The anxieties voiced in this paper by Diarmuid Ó Gráda on July 11th concerning rural decline are every bit as prevalent in Greece, where the villages are becoming depopulated by emigration to the cities and abroad.

Increased mobility through car ownership means the shopping centre is replacing the village shop: financial concentration makes local trade non-viable. Increasing administrative centralisation is another factor: a village diminishes as its vital organs atrophy – the post office, the school, the pub.

Rural Greece lost most of its schools over the past 30 years. Villages are even losing their focal point: the local bar (kafeneion). I can think of three in Corfu that have recently closed due to the deaths of their elderly owners. The village is not yet dead, but very silent.

Adapt or die?

Does the shrinking village suffer from its failure to adapt? Does it deserve to die? Would the introduction of small industries, especially hi-tech ones, reverse what is fast becoming a string of skeletal settlements, validated only by the passing tourist trade during the summer months, and invisible and dormant the rest of the year?

An even greater factor in this leavetaking is university (or technical college) education, which provides an exit to a “better” life – a professional career and wider horizons than the village can offer.

One schoolboy in the village where I live made a bazooka that fired a missile 300 yards. He’s now studying robotics and weapon design. Luckily he hasn’t heard of the Daleks (“ex-ter-min-ate!”) or he would have a one-stop destination for his twin talents. But he isn’t coming back. His best friend isn’t so bright, and stayed at home as an apprentice electrician. Win one, lose one.

It’s glib to say “the soul goes out of the village” but, haemorrhage or brain drain, it’s true nonetheless. In the past two years, three of the five school-leavers have gone to university, with little prospect of their returning except on family visits. Not much call for robotics round here.

One of this year’s leavers, Barbara, wants to study cosmetics with a view to working in the film industry; bye, Barbara. Another gone.

That leaves two young men – and no girls – in a village that once boasted two schools (none now) and over 10 kafeneions (two remain).

I saw the same problem in Connemara, where I lived in the early 2000s. In one village, two of the pubs and both the shops closed, because the children did not want to take over their parents’ business.

One girl studied aeronautical engineering and now works for British Aerospace. Alcock and Brown’s historic landing in Clifden in 1919 didn’t encourage a local aeroplane industry. Nor did the long-defunct Marconi transatlantic signalling station stimulate any local initiative in communication technology.

Family pride and village pride lose out to the attractions of better-paid cosmopolitan life. There is no jobs market at home, and few marriage options. There are no bank loans for start-up enterprise, and family savings have long been exhausted by the imperatives of austerity. “Cottage industry” doesn’t exist.
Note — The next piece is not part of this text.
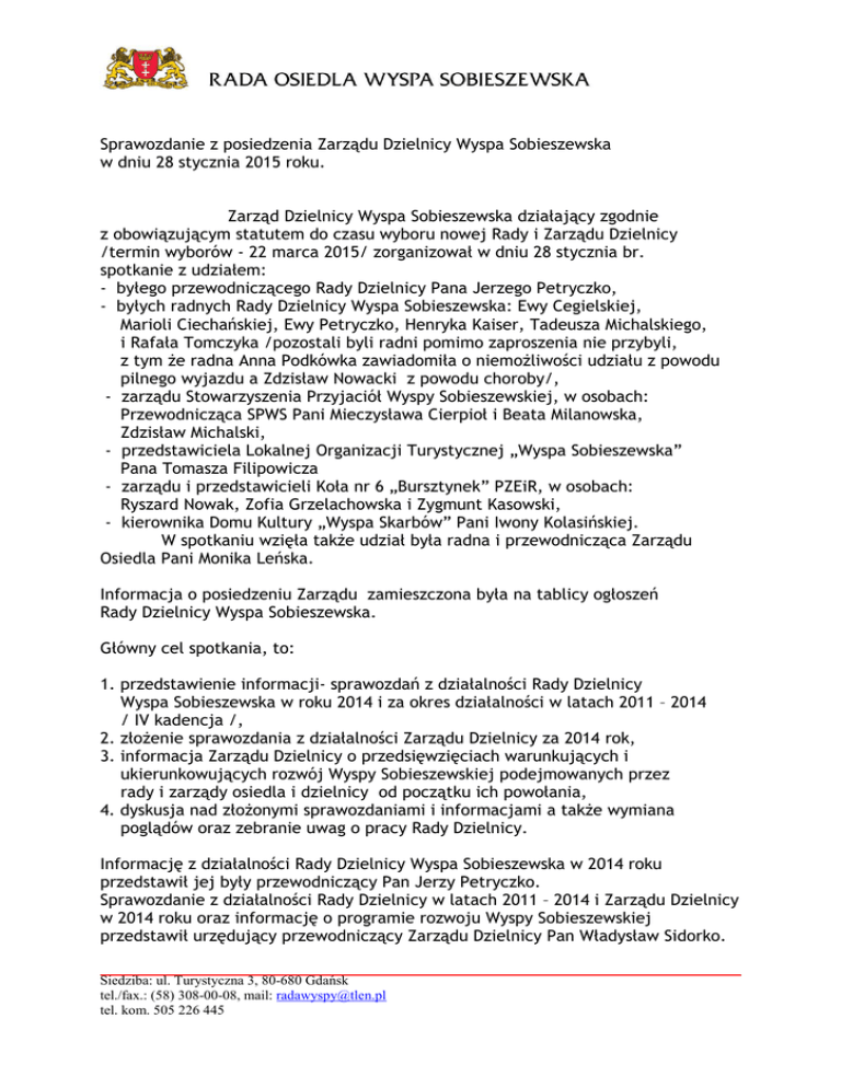 Sprawozdanie z posiedzenia Zarządu Dzielnicy Wyspa Sobieszewska w dniu 28 stycznia 2015 roku. Zarząd Dzielnicy Wyspa Sobieszewska działający zgodnie z obowiązującym statutem do czasu wyboru nowej Rady i Zarządu Dzielnicy /termin wyborów - 22 marca 2015/ zorganizował w dniu 28 stycznia br. spotkanie z udziałem: - byłego przewodniczącego Rady Dzielnicy Pana Jerzego Petryczko, - byłych radnych Rady Dzielnicy Wyspa Sobieszewska: Ewy Cegielskiej, Marioli Ciechańskiej, Ewy Petryczko, Henryka Kaiser, Tadeusza Michalskiego, i Rafała Tomczyka /pozostali byli radni pomimo zaproszenia nie przybyli, z tym że radna Anna Podkówka zawiadomiła o niemożliwości udziału z powodu pilnego wyjazdu a Zdzisław Nowacki z powodu choroby/, - zarządu Stowarzyszenia Przyjaciół Wyspy Sobieszewskiej, w osobach: Przewodnicząca SPWS Pani Mieczysława Cierpioł i Beata Milanowska, Zdzisław Michalski, - przedstawiciela Lokalnej Organizacji Turystycznej „Wyspa Sobieszewska” Pana Tomasza Filipowicza - zarządu i przedstawicieli Koła nr 6 „Bursztynek” PZEiR, w osobach: Ryszard Nowak, Zofia Grzelachowska i Zygmunt Kasowski, - kierownika Domu Kultury „Wyspa Skarbów” Pani Iwony Kolasińskiej. W spotkaniu wzięła także udział była radna i przewodnicząca Zarządu Osiedla Pani Monika Leńska. Informacja o posiedzeniu Zarządu zamieszczona była na tablicy ogłoszeń Rady Dzielnicy Wyspa Sobieszewska. Główny cel spotkania, to: 1. przedstawienie informacji- sprawozdań z działalności Rady Dzielnicy Wyspa Sobieszewska w roku 2014 i za okres działalności w latach 2011 – 2014 / IV kadencja /, 2. złożenie sprawozdania z działalności Zarządu Dzielnicy za 2014 rok, 3. informacja Zarządu Dzielnicy o przedsięwzięciach warunkujących i ukierunkowujących rozwój Wyspy Sobieszewskiej podejmowanych przez rady i zarządy osiedla i dzielnicy od początku ich powołania, 4. dyskusja nad złożonymi sprawozdaniami i informacjami a także wymiana poglądów oraz zebranie uwag o pracy Rady Dzielnicy. Informację z działalności Rady Dzielnicy Wyspa Sobieszewska w 2014 roku przedstawił jej były przewodniczący Pan Jerzy Petryczko. Sprawozdanie z działalności Rady Dzielnicy w latach 2011 – 2014 i Zarządu Dzielnicy w 2014 roku oraz informację o programie rozwoju Wyspy Sobieszewskiej przedstawił urzędujący przewodniczący Zarządu Dzielnicy Pan Władysław Sidorko. Siedziba: ul. Turystyczna 3, 80-680 Gdańsk tel./fax.: (58) 308-00-08, mail: [email protected] tel. kom. 505 226 445 -2– Zarząd Dzielnicy zobowiązał się do zamieszczenia wszystkich informacji i sprawozdań na stronie internetowej Rady. Po prezentacji odbyła się dyskusja, w której udział wzięli praktycznie wszyscy uczestnicy spotkania. Prezes SPWS Pani Mieczysława Cierpioł oraz kierownik Domu Kultury „Wyspa Skarbów” Pani Iwona Kolasińska zabierając głos w dyskusji przedstawiły pokrótce Informacje z działalności i planach pracy reprezentowanych organizacji i instytucji. Do zawartości merytorycznej sprawozdań i informacji w tym informacji o planach działania rad dzielnicy uczestnicy spotkania uwag nie wnieśli. Zgłoszono natomiast zastrzeżenia do organizacji pracy Rady Dzielnicy i małego zaangażowania wielu radnych. W tej kwestii najwięcej zastrzeżeń miała Pani Monika Leńska oraz reprezentujący Koło Emerytów i Rencistów Nr 6 „Bursztynek” Pan Ryszard Nowak. Zastrzeżenia częściowo podtrzymały prezes SPWS i kierowniczka GAK „Wyspa Skarbów”. Z kolei przedstawiciel LOT „Wyspa Sobieszewska” zaapelował o więcej jednomyślności w działaniach przedstawicieli poszczególnych organizacji i ukierunkowanie działań na załatwianie rzeczywistych problemów Wyspy. Zwrócił także uwagę na potrzebę częstszych kontaktów z mieszkańcami. W dyskusji głos zabrał także reprezentujący Stowarzyszenie Przyjaciół Wyspy Sobieszewskiej, nie mieszkający na Wyspie lecz, jak podkreślił, jej wielki miłośnik od kilkudziesięciu lat, Pan Zdzisław Michalski. Zwrócił uwagę na konieczność rozwiązywania problemów poprzez wypracowywanie wspólnych stanowisk na spotkaniach, w dyskusji publicznej i dialogu stron prezentujących w tej samej sprawie inne stanowiska i emocje. Zastrzeżenia dotyczyły: 1. nie organizowania przez Radę Dzielnicy organizacji spotkań z mieszkańcami - kontakty poprzez dyżury i informacje na stronie internetowej uznano jako nie wystarczające, 2. zbyt skromnego działania komisji stałych Rady, 3. małego zaangażowania lub zupełnej bierności części radnych. Uczestnicy spotkania dużo uwagi poświęcili planom zamknięcia dla ruchu turystycznego kamiennej grobli w Górkach Wschodnich. Przyjęto wspólne stanowisko co do dalszych działań zmierzających do zmiany decyzji władz administracyjnych Gdańska i woj. pomorskiego w tej sprawie. Wszystkie uwagi, zastrzeżenia i wnioski z spotkania Zarząd Dzielnicy przekaże Radzie i Zarządowi Dzielnicy nowej kadencji. Władysław Sidorko Przewodniczący Zarządu

Can you argue with “progress”? These young people are entitled to a first-generation university education and the opportunities it offers to take them away from the traditional, inward-looking, familiar world towards something new, challenging and exciting.

No one has yet devised a programme that can reconcile this legitimate demand for self-improvement with the equally legitimate need of rural society to cohere and, to use Brian Friel’s wonderful word, “resile”.

The points system in Greece is similar to that in Ireland. Out of a maximum of 20,000 points, you need 10,000 to be eligible for university, and at least 13,000 for the college and course of your choice. As in Ireland, points requirements mount in the more specialised subjects and according to availability of places in the individual colleges.

A basic BA in computing or economics may confer little job potential (I know of one civil engineer working on a supermarket checkout).This may therefore point the graduate back home to take over the family business. We have two shops and two tavernas in the village which will depend for their medium-term survival on the returning graduates.

At the end of August we will know whether this year’s two school-leavers will get places, and on what courses. And this will tell us whether or not they will be coming back. It’s nail-biting time for everyone.